I understand where you're coming from. But look at it this way: If I'm using only Hashicorp tools, I expect them to work well together. Terraform could be used with Vault as a IAM key pair provider - in fact it's a very tempting use case; but due to this bug, Terraform fails every time. And there's no easy way in Terraform to introduce a delay, just an ugly hack.

There's also the enormous time I've wasted trying to troubleshoot this, to the point where I had started questioning the wisdom of using Vault at all. I'm fairly certain you don't want your users to go through this.

We have this issue with our automation using terraform and vault too. Really frustrating that tools made by hashicorp don't work together.

@FlorinAndrei The main issue is that we literally don't know how to solve this problem. Any delay we can inject may be too much or too little, and simply attempting to use the IAM credentials (e.g. via the newer GetCallerIdentity call) may work depending on which IAM you're hitting or may not if that particular endpoint hasn't gotten the eventually consistent creds yet, assuming your creds policy even allows such a call.

If there was a way to find out if a set of creds was fully replicated throughout IAM it'd be easy. If there is such a way, I don't know about it. What you're describing as a solution to an ugly hack in Terraform sounds to me like simply shifting the burden to an ugly hack in Vault.

This isn't an issue of "tools made by HashiCorp not working together". Your problem is with the behavior of IAM; other dynamic secrets from Vault work with no issue when fetched with Terraform via the same methods. I'm happy to fix this if a solution can be found that isn't simply shifting an ugly hack from point A to point B.

I basically agree with everything @jefferai said, and I want to add something else. In an eventually consistent system such as AWS, the onus really has to be on the client to retry in the event of eventual consistency failures. So it seems to me that the right solution is to have Terraform retry if the credentials aren't valid. Have you opened a feature request with the Terraform AWS provider to retry in the event of credential failures?

It seems AWS wrote their own hacks in their SDK to try to work around this:

https://github.com/aws/aws-sdk-go/blob/master/service/iam/waiters.go

We could use those but I'm not experienced enough with IAM to know if either of those calls (or GetCallerIdentity) will actually be available for any given set of IAM credentials with any given policy.

BTW, the Terraform people said the following: we poll, and sometimes when polling says yes, a follow up request to another service to reference said IAM thing that is up, will then fail because it’s not replicated and we've occasionally seen issues with the API not even being self-consistent when Terraform itself is polling and then using the credentials, but this seems to be exacerbated when the thing doing the polling is running somewhere different than the thing using the result.
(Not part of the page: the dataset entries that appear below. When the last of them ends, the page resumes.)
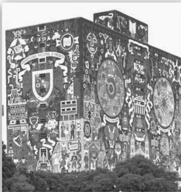
Fig. 1. Biblioteca Central de la UNAM, en la que se ubicó al Colegio de Bibliotecología 3

En sesión de Consejo Técnico del 11 de abril de 1975, la Facultad de Filosofía y Letras suprime la licenciatura en Archivología y crea la maestría de la misma especialidad, aunque la ausencia de alumnos dio fin a dicha maestría.
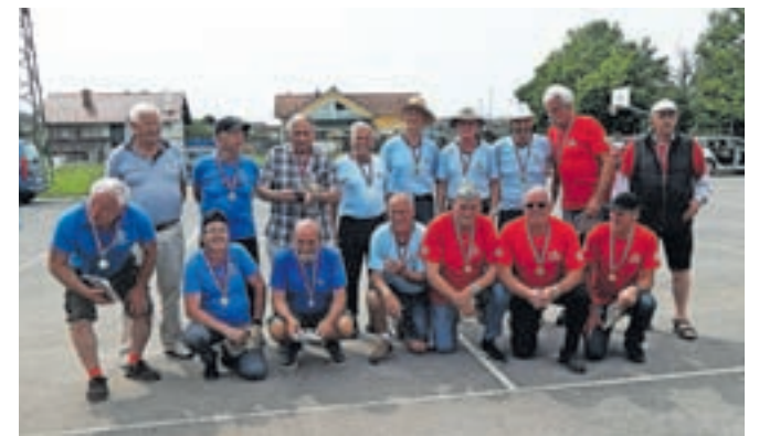
Najboljše moške ekipe v kegljanju na vrhovi

Ekipo je sestavljalo pet tekmovalcev, ki so imeli na vsaki stezi po deset metov, pet na polno, ko je postavljenih vseh devet kegljev, in pet na čiščenje, ko je treba podreti vse keglje. Za rezultat ekipe so šteli rezultati boljših štirih tekmovalcev na vsaki ste-
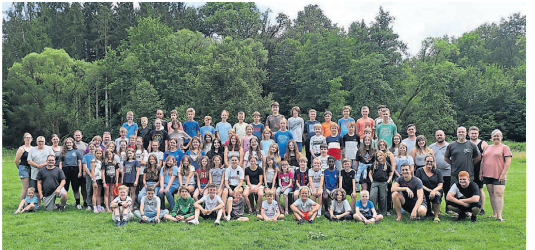
Der SVS veranstaltete unlängst ein großes Zeltlager mit 80 Teilnehmenden im Westerwald.

Cheerleading-Workshop ließen tagsüber keine Zeit für Langeweile“, heißt es in der Meldung. Großer Beliebtheit habe sich beim Nachwuchs die Nachtwache erfreut, ebenso das Schneiden an der Lagerfeuerstelle. Nachts ging es unter anderem auf Wanderschaft zu einem alten Bergwerk. Zum Abschluss des Aufenthalts wurde eine Lagerdisko gefeiert.
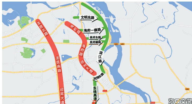
海府路→琼州大道、龙昆北路→龙昆南路→迎宾大道可绕行路线。
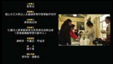
主辦單位 屏東縣 國立中正大學老人及服務管理學系服務學研究所 協理單位 屏東縣政府 在職人員專業發展中心及屏東縣社會局 (屏東縣樂齡學習示範中心) 協理單位 屏東縣、屏東市、中埔鄉 主任 陳文華 協理 陳仲輝、羅敏如
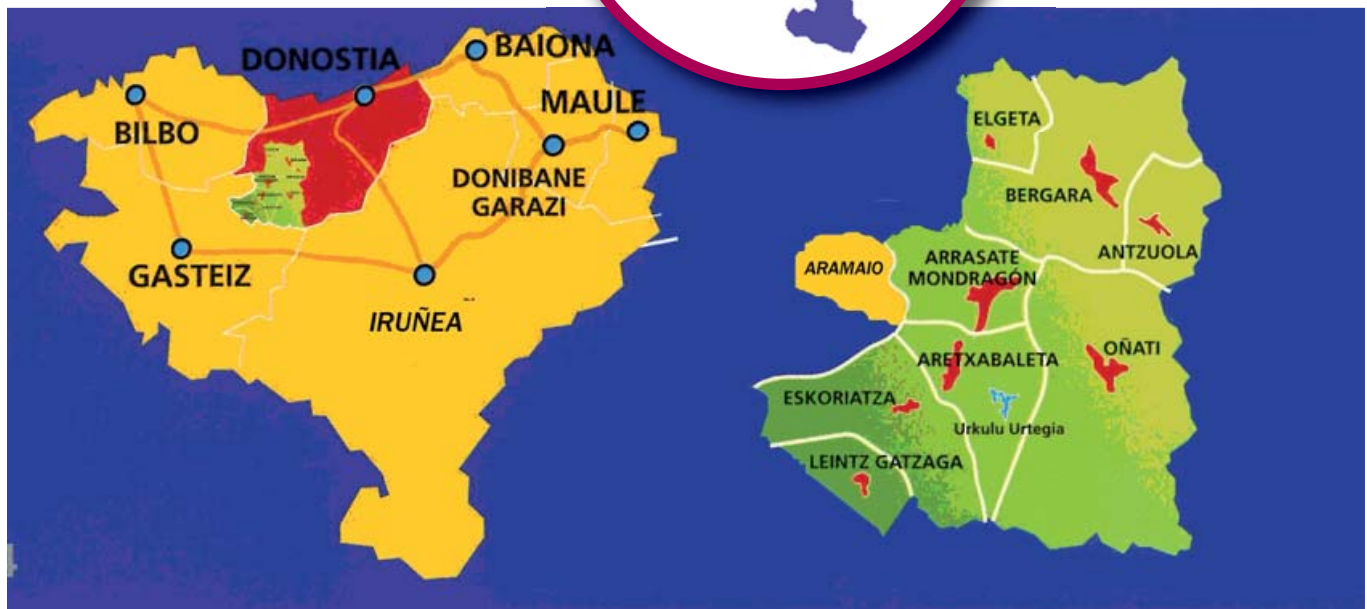
Distancias entre las localidades (en kms)

Gipuzkoa está constituida por diversas comarcas, y una de ellas es la de Debagoiena o Alto Deba; he aquí los municipios que se incluyen en ella (con número de habitantes): Antzuola (2.000); Bergara (15.000); Elgeta (1.000); Oñati (10.700); Arrasate (Mondragon) (22.200); Aramaio (1.400); Aretxabaleta (6.300); Eskoriatza (4.000); Leintz Gatzaga (300).
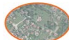
Maisons individuelles sous forme d'urbanisation diffuse densité d'environ 8 log / hectare (Chemin du Moulin Blanc)
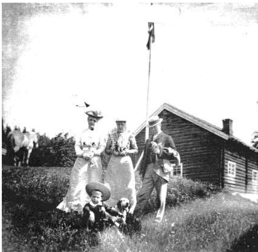
Øvre Bremsrud ca 1910.
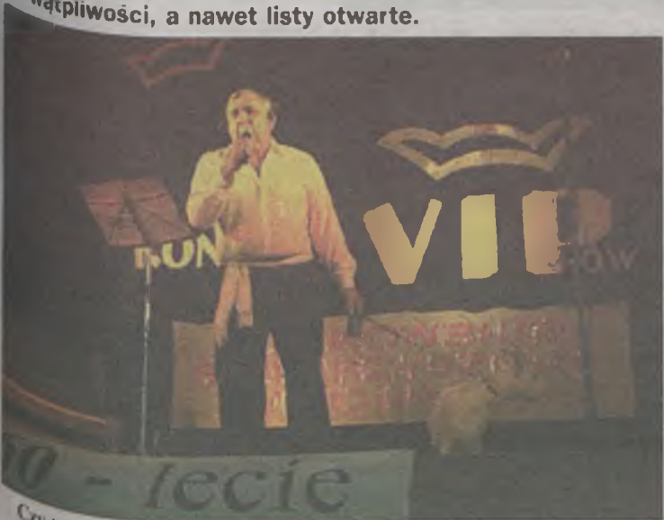
Czy to była koza wyborcza dla Turku
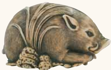
Lotto n. 41

natezza del piumaggio, la compattezza del netsuke e la sua calda patina sono da ammirare. Il fortunato acquirente probabilmente ha stentato a credere ad un regalo simile prima di Natale!
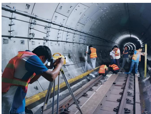
图2 射线检测施工图

在桥梁隧道质量检测领域，射线检测技术依托射线在穿透不同物质时产生的衰减效应，揭示出结构内部的详细状况。当射线穿越不同物质层时，其强度会随物质密度、厚度及射线性质的差异而有所衰减，这种变化为检测人员提供了洞察结构内部状况的线索。X射线因具备卓越的穿透能力，在桥梁隧道检测领域中被广泛应用。它能够轻松穿透厚度高达40cm的混凝土结构，并清晰地呈现出其内部结构细节，为探测团队精确识别和定位潜在问题区域提供了有力支持，为后续的维修工作打下了坚实基础。但传统的射线检测技术也存在一定限制。为了获取全面的检测数据，常需在多个位置部署探测设备，这增加了操作的复杂性和经济投入。另外，在面对特别厚重或结构复杂的区域时，射线可能难以完全穿透，从而影响检测结果的准确性。同时，设备的使用和维护成本相对较高，这也对技术的广泛推广构成了一定限制。近年来，随着科技的不断进步，新型射线检测技术应运而生。例如，借助高性能探测器的工业CT技术，显著提升了检测的准确性。该技术利用旋转的探测设备和探测器阵列，捕获检测对象的三维图像，从而精准地定位和量化评估缺陷。
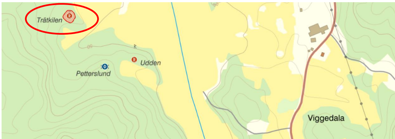
Del ur karta RAÄ Fornsök 2023

Centrumkoordinater (SWEREF 99 TM N,E) N 6454003, E 579344
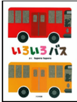
『いろいろバス』 tupera tupera・作

あか・き・みどり・・・ いろいろな色のバスから降りてきたり乗って 行ったりするあんなものやこんなもの・・・ 次は何か・・・と興味が膨らんでいきます。 子どもはもちろん大人も楽しめる本です。
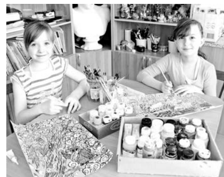
В объединении «Декоративное рисование» учат через рисунок выражать свои чувства и ощущения.
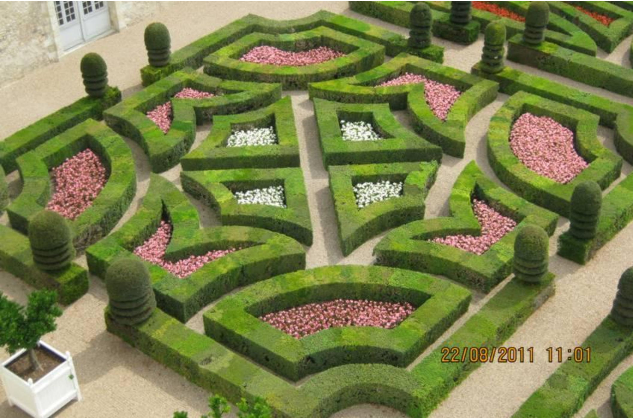
• Сады Вилландри. Непостоянная любовь
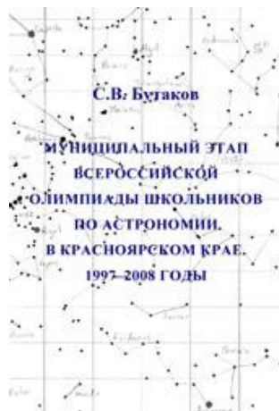
Астрономия 1997/2008 год
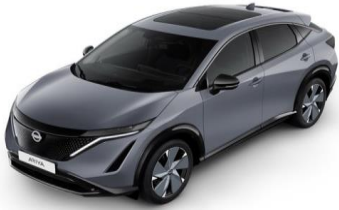
KBY Ceramic Grey
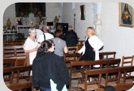
Visite de la chapelle Saint-Jacques
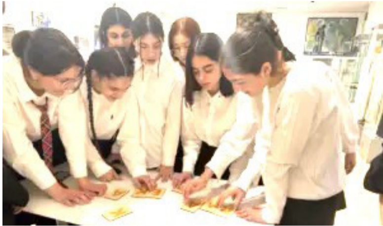
Тренинг состоялся в рамках РД «Комплексная программа Государственной программы противодействия идеологии терроризма в Республике Дагестан»

«В единстве - наша сила» - под таким девизом прошёл в Музее истории мировых культур и религий тренинг, посвящённый важной и актуальной теме - сплочённости, взаимопониманию и силе команды.
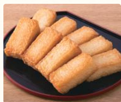
一口厚揚げソフト蒲焼スティック (1本) 税込60円 (9本) 税込500円

So it's bad news everywhere.

Again, if there is some call that has a reasonable chance of a) being allowed for any given set of IAM creds and b) giving us somewhat of an idea of whether the creds are active, I'm happy to add it. I just don't know what those are.

It really seems like the "eventual consistency" of IAM keys within AWS is the problem here. We take AWS for granted, but it's software/hardware just like any other, and it has issues and bugs as usual.

I wonder if these scenarios would be different - whether they would have different latencies before the keys can actually be used:

1. make a new temporary user, generate keys for it, hand the keys over to the Vault requester
2. use a non-temporary user, make a new key pair for it, etc

Vault does 1. I wonder if strategy 2 would yield faster consistency across the AWS board. But OTOH I'm sure 2 would hit some resource limits with AWS pretty quickly.

There's also the possibility of getting STS tokens instead of generating IAM users, which Vault does support (but may not work for all use-cases).

1. use a non-temporary user, make a new key pair for it, etc

That's difficult because users are limited to two keys. It's mostly just for making rotating easier -- generate a new one, replace the old one, verify nothing is using the old one, delete the old one.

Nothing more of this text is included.